Ladarius Marshall v. Scott Eckstein, No. 15-CV-008 (E.D. Wis. Apr. 22, 2020)

Marshall pleaded to homicide and other charges. Before he did so, though, he moved to suppress statements he’d made during more than 12 hours of interrogation at the police station (he was 16 years old at the time). The trial court and our court of appeals held that the interrogating officers “scrupulously honored” Marshall’s multiple assertions that he didn’t want to talk with them anymore. The federal district court finds this conclusion unreasonable because the officers deflected his refusals to talk and cajoled him into continuing. What’s more, the court says that even his later statements–given to officers who did follow Miranda‘s rules–must be suppressed because they were too closely connected to his original, unlawfully-taken statements.

Under AEDPA, a federal court can’t grant a habeas petition unless the state court decision is either contrary to, or an unreasonable application of, law that’s been clearly established by the Supreme Court. The relevant law here is Miranda v. Arizona and several SCOTUS cases that elaborated upon it. In a nutshell, Michigan v. Mosley, 423 U.S. 96 (1975), said that a suspect’s request to cut of questioning must be “scrupulously honored”–that the police may not respond “either by refusing to discontinue the interrogation upon request or by persisting in repeated efforts to wear down his resistance and make him change his mind.” After noting that the Wisconsin Court of Appeals dedicated only two paragraphs to analyzing the question, the federal court concludes that the state court was unreasonable in saying that Marshall didn’t unambiguously invoke his right to silence, and that it was Marshall’s unconstrained choice–rather than the officers’ failure to follow Miranda–that led to the resumption of the interrogation:

instead of “scrupulously honoring” Marshall’s invocation of his right to cut off questioning, Detective Petropoulos attempted to change his mind by asking him, “so you’re going to let other people talk for you?” When Marshall persisted, saying, “I’m through talking. I ain’t going to talk no more,” the detectives tried to suggest that, rather than cutting off further questioning, Marshall was simply asking for a break. Detective Petropoulos said, “Well, okay; We’ll take a little break then;” and proceeded to offer Marshall the use of the restroom or something to drink. When Marshall declined, Detective Petropoulos said, “All right. You think about things, okay? And we’ll be back in a couple of minutes.” Detective Braunreiter added, “All right. We’ll be right back, okay?” and Detective Petropoulos announced, “End of interview at this time.”

(Slip op. at 28). Later, after Marshall again said he had nothing to say to the officers, they nevertheless continued to talk with him about sports and various other matters before veering back into trying to convince him to talk about the homicide investigation. To this, the federal court says that “[p]olice do not scrupulously honor an accused’s invocation of his right to remain silent by first diverting the accused with small talk and then trying to convince him to change his mind and answer questions.” (Slip op. at 32). The court accordingly holds it was unreasonable not to suppress Marshall’s statements during this interrogation.

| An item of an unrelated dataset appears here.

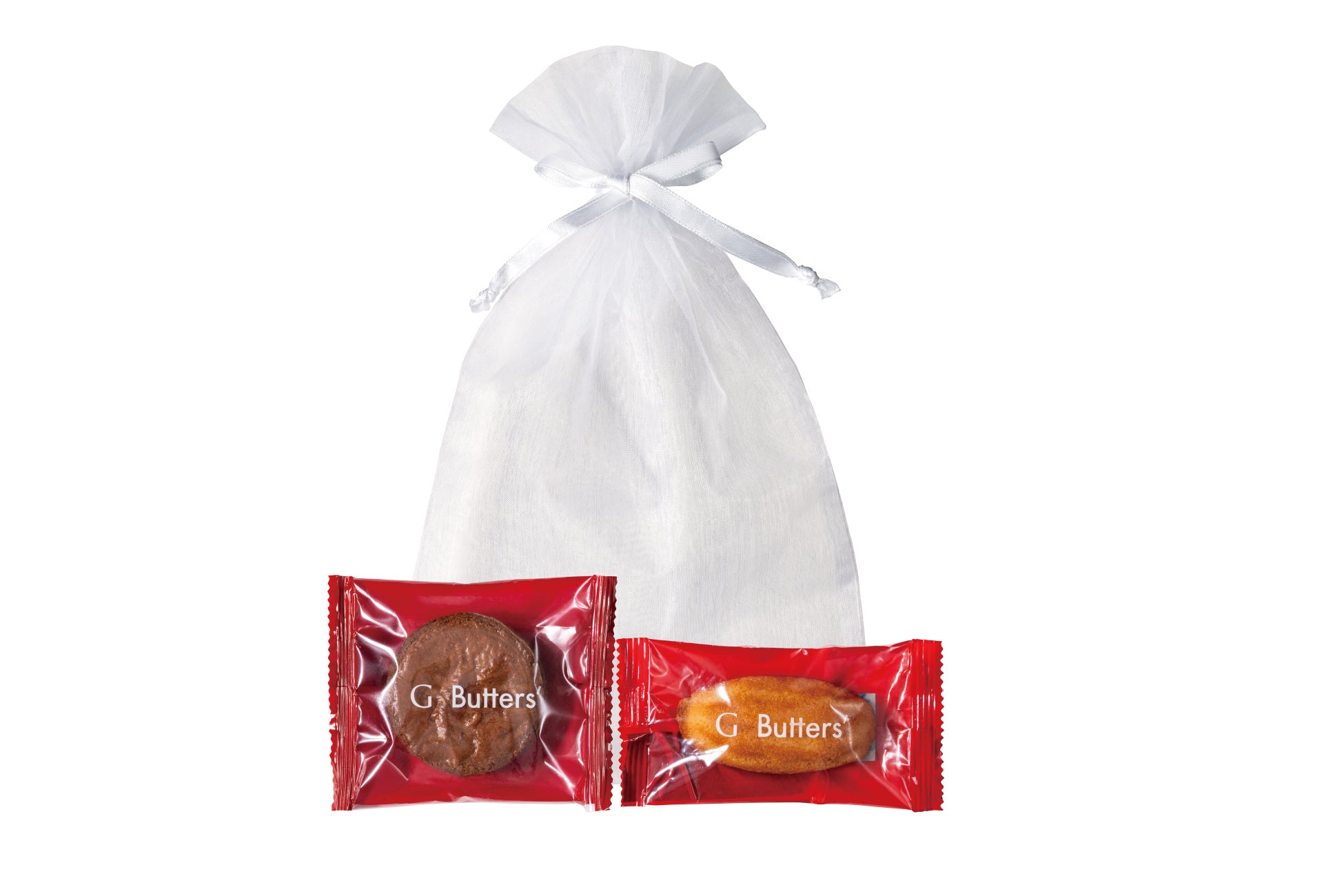「Gバターズ ルクア イーレ店」では、ベルギー産発酵『バター』と『チョコレート』の味わいをふんだんに楽しめるショコラティエならではのバターサンドや、フランス・ブルターニュ地方の伝統的焼き菓子をアレンジしたガレット、しっとりと焼き上げた生地から、ふわっと香るベルギー産発酵『バター』とカカオの味わいが絶妙に調和したフィナンシェなどの定番商品をそろえています。「Gバターズ ルクア イーレ店」オープンを記念して、ガレットとフィナンシェをセットにした特別仕様の「Gバターズ プチギフトセット」が登場します。さらに、オープン記念として、オリジナルアクリルキーホルダー付きプチギフトセットを期間・数量限定で販売します。

However, after many hours, there was a shift change, and two other officers took over the handling of Marshall. They, unlike the first two, immediately ceased any interrogation when Marshall asked to stop, and only resumed after he, unprompted, asked to talk more. The court holds, though, that pursuant to Missouri v. Seibert, 542 U.S. 600 (2004), and Oregon v. Elstad, 470 U.S. 298 (1985), Marshall’s statements to these officers must also be suppressed. Unlike in Elstad, the violations here were not inadvertent or technical but were egregious. Also, the confessions Marshall made to the first set of detectives were substantial, and his later statements mostly served to reiterate them. To admit these statements, the court says, would “condone ‘inherently coercive police tactics or methods offensive to due process that render the initial admission involuntary and undermine the suspect’s will to invoke his rights once they are read to him.'” (Slip op. at 41 (citing Elstad, 470 U.S. at 317)).